For information about logging and metrics in PCF and about monitoring of services for PCF, see Additional Resources below.

KPI Changes from PCF v1.10 to v1.11

This table highlights new and changed KPIs in PCF v1.11.

Change Which KPI and why? See…
New KPI: Scalable Syslog Adapter Loss Rate

A new component and new functionality in the Loggregator system requires additional monitoring. The loss rate of the scalable syslog adapters is derived from two new metrics: scalablesyslog.adapter.dropped and scalablesyslog.adapter.ingress.
Link
New KPI: Scalable Syslog Reverse Log Proxy Loss Rate

A new component and new functionality in the Loggregator system requires additional monitoring. The loss rate of the scalable syslog RLP is derived from two new metrics: loggregator.rlp.dropped and loggregator.rlp.ingress.
Link
New KPI: scalablesyslog.scheduler.drains

New component functionality in the Loggregator system needs monitoring.
Link
New KPI: locket.ActiveLocks

New component functionality in the Diego system needs monitoring.
Link
New KPI: locket.ActivePresences

New component functionality in the Diego system needs monitoring.
Link
Modified KPI: auctioneer.AuctioneerFetchStatesDuration

Due to improvements in the underlying architecture, recommended thresholds are now:
  • Yellow 2 s (formerly 5 s)
  • Red 5 s (formerly 10 s)
Link
Modified KPI: rep.RepBulkSyncDuration

Due to improvements in the route emitter, recommended starting thresholds on this dynamic metric are now:
  • Yellow 5 s (formerly 10 s)
  • Red 10 s (formerly 20 s)
Link
Modified KPI: route_emitter.RouteEmitterSyncDuration

Due to improvements in the underlying architecture, recommended thresholds are now:
  • Yellow 5 s (formerly 10 s)
  • Red 10 s (formerly 20 s)
Link
Modified KPI: Firehose Dropped Messages

Monitoring Firehose dropped messages is now done with DopplerServer.doppler.shedEnvelopes alone.

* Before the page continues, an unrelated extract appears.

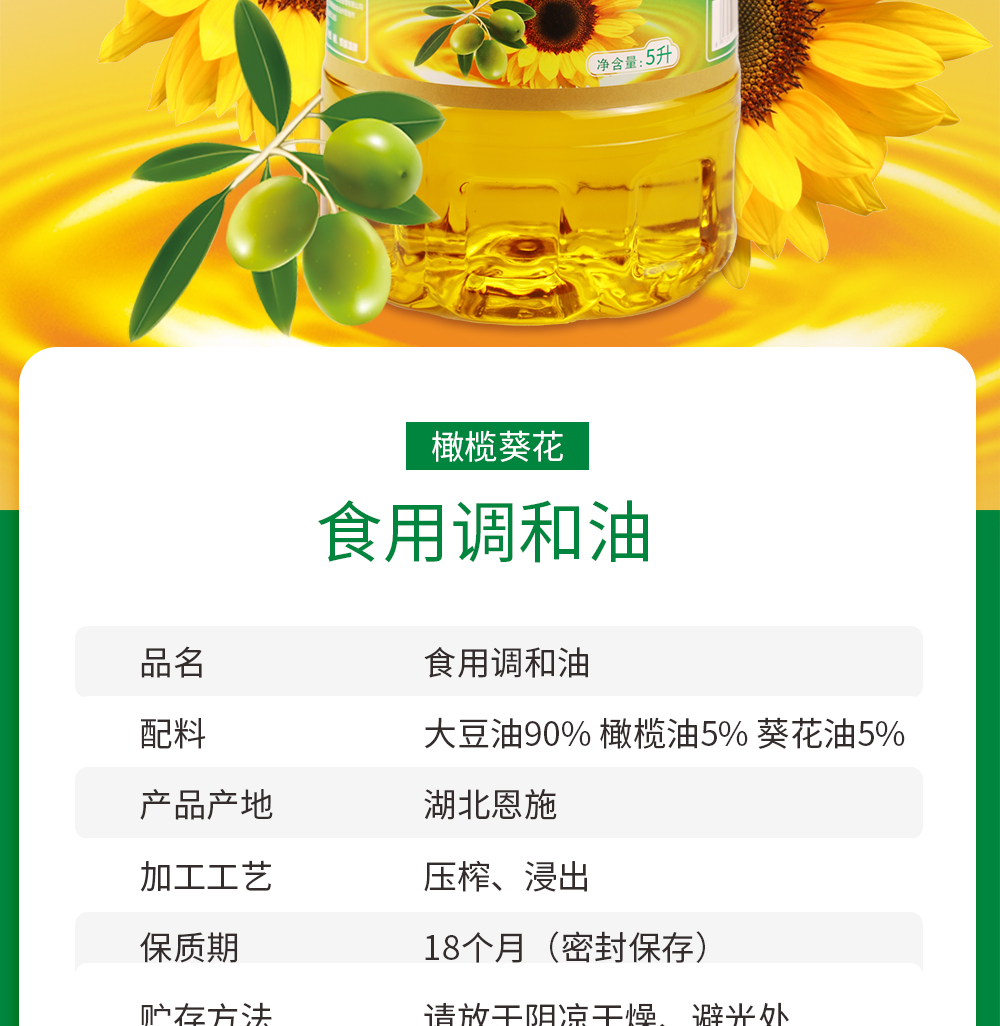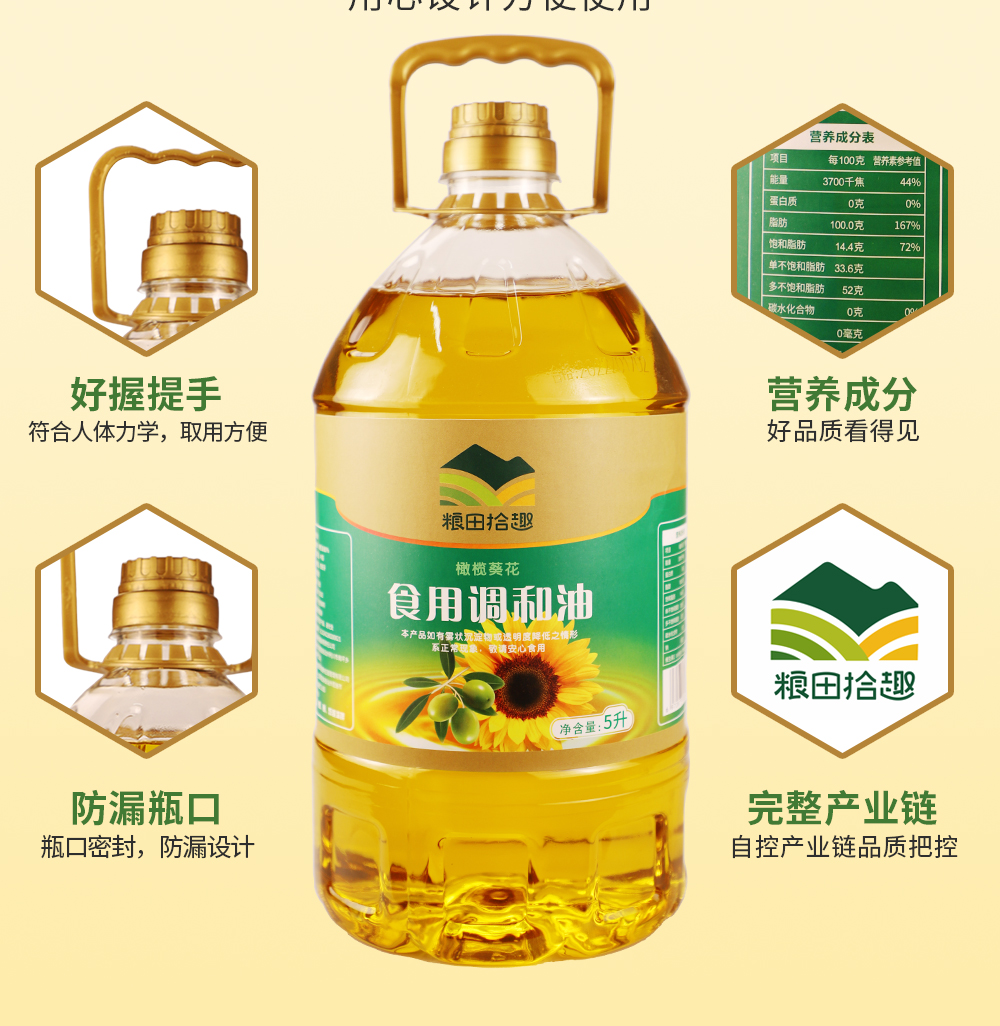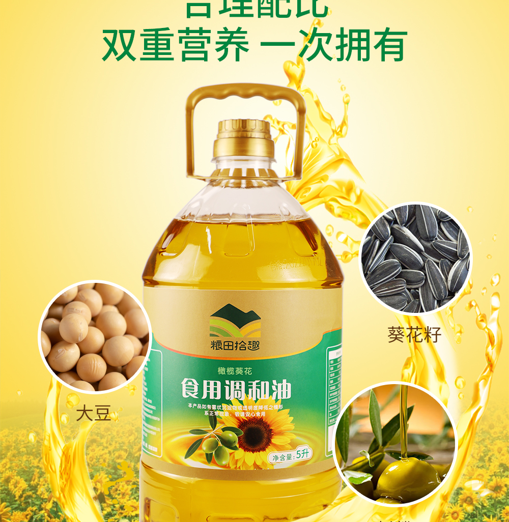 【恩施】粮田拾趣大豆葵花籽橄榄食用调和油5L
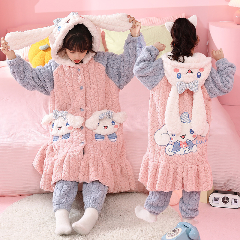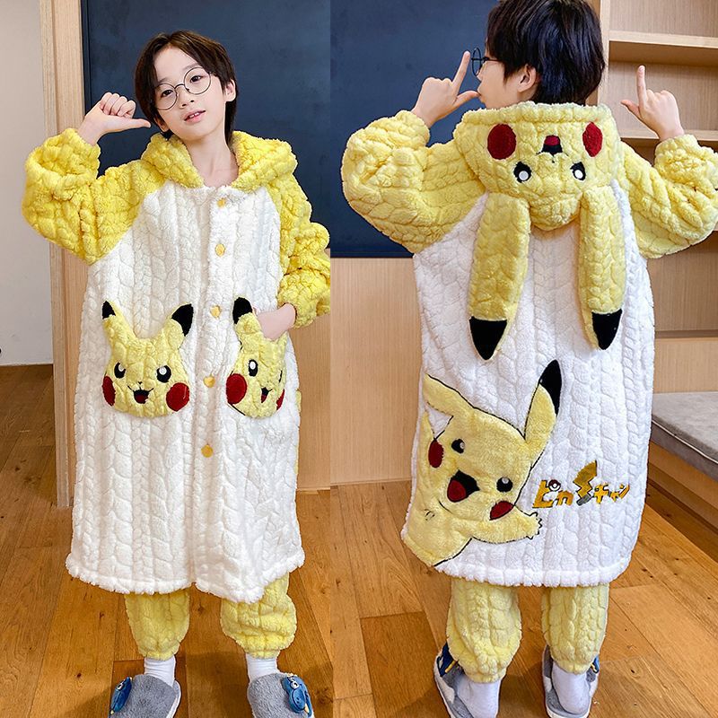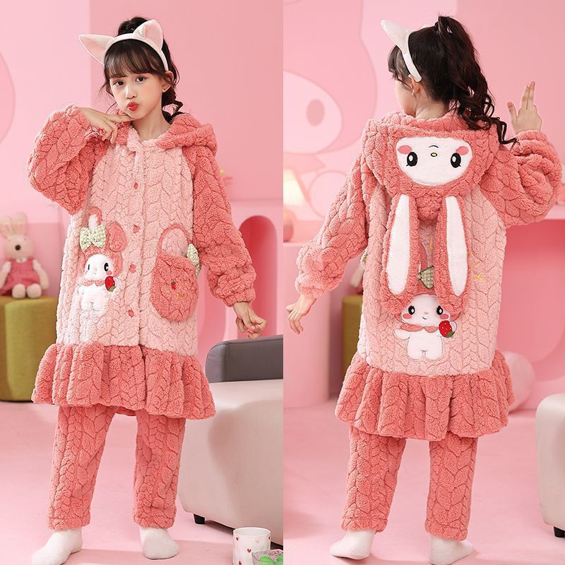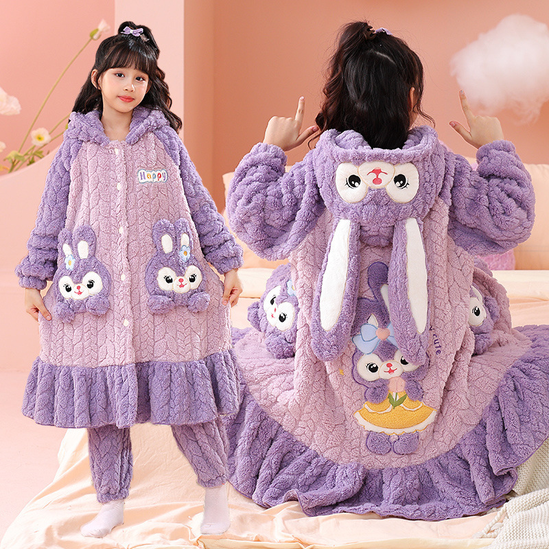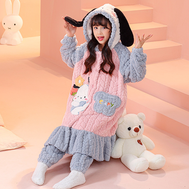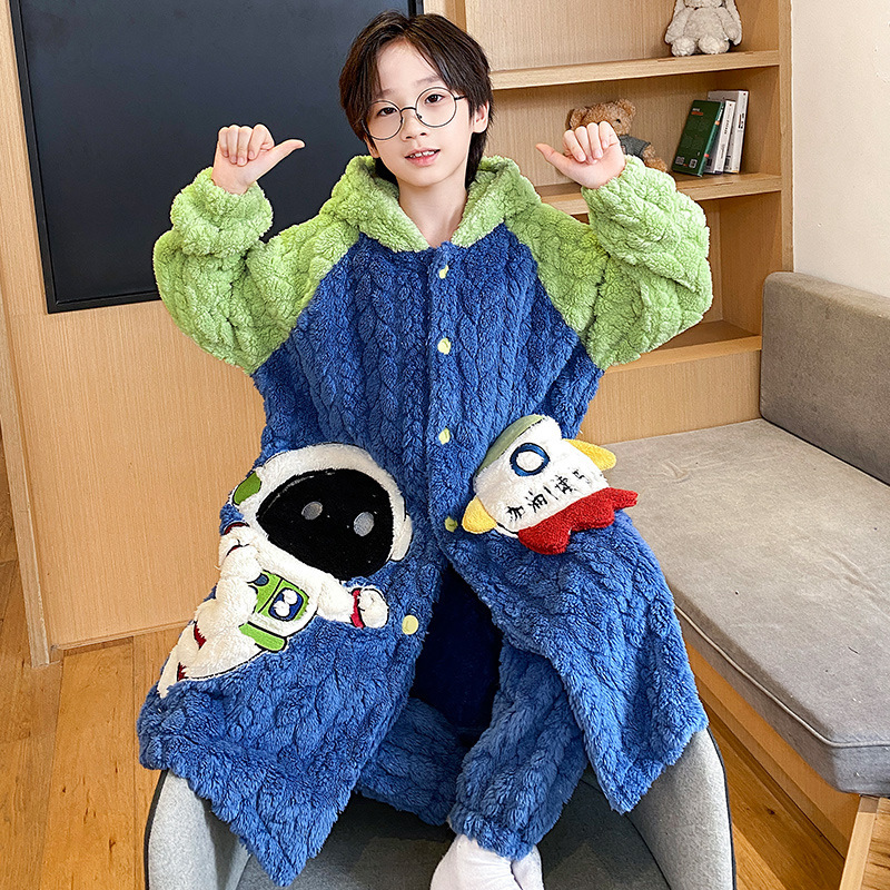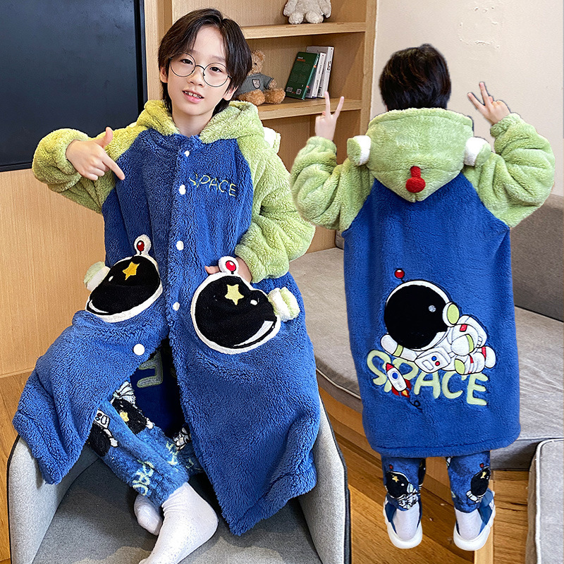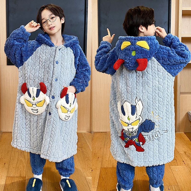 한국 스타일 가을 겨울 소년 소녀를위한 어린이 잠옷 두꺼운 자카드 봉제 어린이 만화 잠옷 바지 세트

DopplerServer.TruncatingBuffer.totalDroppedMessages is deprecated in PCF v1.11 so no longer needs to be added to DopplerServer.doppler.shedEnvelopes to get the total number of dropped messages.
Link
Modified KPI: Firehose Loss Rate

In PCF v1.11, it is no longer necessary to add DopplerServer.doppler.shedEnvelopes with DopplerServer.TruncatingBuffer.totalDroppedMessages to calculate Firehose Dropped Messages. The formula to calculate Loss Rate has been updated accordingly.
Link
Deleted KPI: route_emitter.ConsulDownMode

This KPI was highly specific to monitoring for negative consul impacts that could result in application routes becoming unavailable. Continued improvements to the route emitter have now removed the consul dependency; there is no longer communication between route emitter and consul.
n/a
Deleted KPI: nsync_bulker.DesiredLRPSyncDuration

This metric is no longer relevant with the related architectural changes to secure Cloud Controller to Diego communication.
n/a

Additional Resources

For information about logging and metrics in PCF, see the following topics:

  • Configuring System Logging in Elastic Runtime: This topic explains how to configure the PCF Loggregator system to scale its maximum throughput and to forward logs to an external aggregator service.
  • Logging and Metrics: A guide to Loggregator, the system which aggregates and streams logs and metrics from user apps and system components in Elastic Runtime.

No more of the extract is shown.